The existence of a magnetic field, hence Faraday rotation, only increases the depolarization process. It means that the polarization of outgoing radiation acquires a peak-like angular dependence with its maximum for perpendicular propagation. The sharpness of the peak increases with increasing magnetic field magnitude. The main region of allowed angles appears to be $\sim$$1/\delta$.

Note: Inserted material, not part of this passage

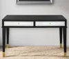 Don't settle for a boring entryway, upgrade your home with our 47-inch black silver and gold wood console table and drawers today. This rectangular table is ideal for up against the wall, can free stand in a room, or sit behind the sofa perfectly. This table has a top made with black and silver manufactured wood that is known for durability and easy maintenance. The four leg base is made of solid wood, the most strong and durable option available. Ideal for living rooms, bedrooms, home offices, and lounge areas, this console table is not only good looking but multi-functional and practical addition to your space. 29.5-inch h x 47.2-inch w x 15.7-inch d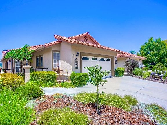 Located in East Ridge, Fallbrook’s most desirable senior living gated community, this beautiful home is top of the grade with attention to detail and meticulously cared for. All on one story, as you arrive, you are greeted by the scents and sights of flowering rose vines and by many varieties of flowering mature plants that surround the home. The handsome entry leads to the spacious living room with a fireplace with raised hearth and access to the broad deck with no home behind and miles of distant views of the hills and mountains to the west. Of note are the stunning wide plank bamboo floors and high ceilings, adding luxury throughout the area and much of the home. The kitchen is a gourmet cook’s delight with high end stainless steel appliances, quartz countertops, travertine backsplashes, copious wood cabinetry, views and its own charming, casual dining area. With its graciously flowing floor plan, the wide hallway leads to an attractive office or den, a beautiful, spacious primary bedroom with a large walk-in closet and extensive modern bathroom, plus a charming guest bedroom with ensuite bathroom, as well as a fully equipped indoor laundry room. There is an oversized fully finished two car garage with lots of built-in cabinets and a work bench, ideal for the hobbyist. Residents of East Ridge enjoy many amenities including a heated pool and spa, clubhouse with billiards, walking trails, pickleball, bocce ball, putting green, tennis courts, community garden plots, RV lot, and many social activities. This special home will amaze you with its extraordinary beauty, its topnotch turnkey condition, and delight you with its welcome-home appeal to embrace a remarkable life style.

Another very important feature of the polarized radiation is the wavelength dependence of polarization degree pand position angle $\chi $ which is very different from the case of classical electron scattering. This effect is briefly considered in Sect. 5. We consider the case where the Thomson cross-section does not depend on the radiation wavelength.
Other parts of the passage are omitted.